• [Stored data]:
--*--

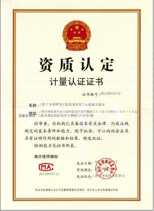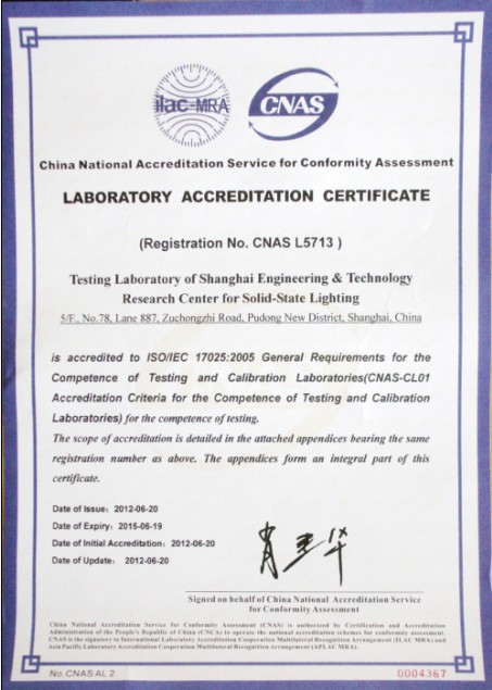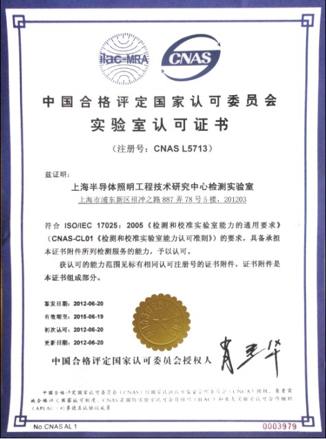 上海半導(dǎo)體照明工程技術(shù)研究中心檢測實驗室於2012年5月22日獲得中國計量認證CMA資質(zhì);於2012年6月20日正式獲中國合格評定國家認可委員會(CNAS)檢測實驗室能力認證(注冊編號:L5713)。
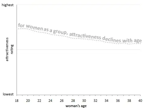 If on the other hand you delete the most and least attractive women for each age group, the general "slant" of the graph and the decrease in attractiveness that it represents does not change at all.
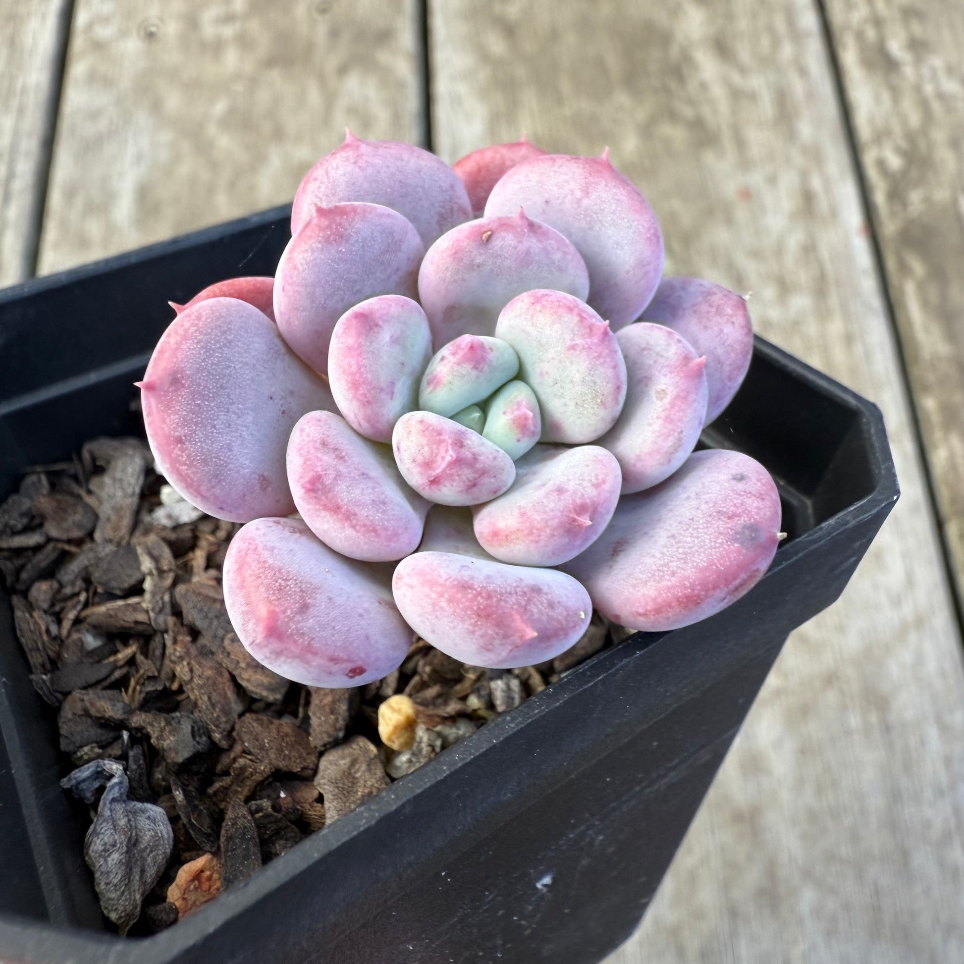 Echeveria 'Mulan' has dark purple leaves that curves inwards. It will stress to pinkish purple. Prefers full sun.

--*--

Could you output the lines above exactly, with no pictures included?

 上海半導(dǎo)體照明工程技術(shù)研究中心檢測實驗室於2012年5月22日獲得中國計量認證CMA資質(zhì);於2012年6月20日正式獲中國合格評定國家認可委員會(CNAS)檢測實驗室能力認證(注冊編號:L5713)。
 If on the other hand you delete the most and least attractive women for each age group, the general "slant" of the graph and the decrease in attractiveness that it represents does not change at all.
 Echeveria 'Mulan' has dark purple leaves that curves inwards. It will stress to pinkish purple. Prefers full sun.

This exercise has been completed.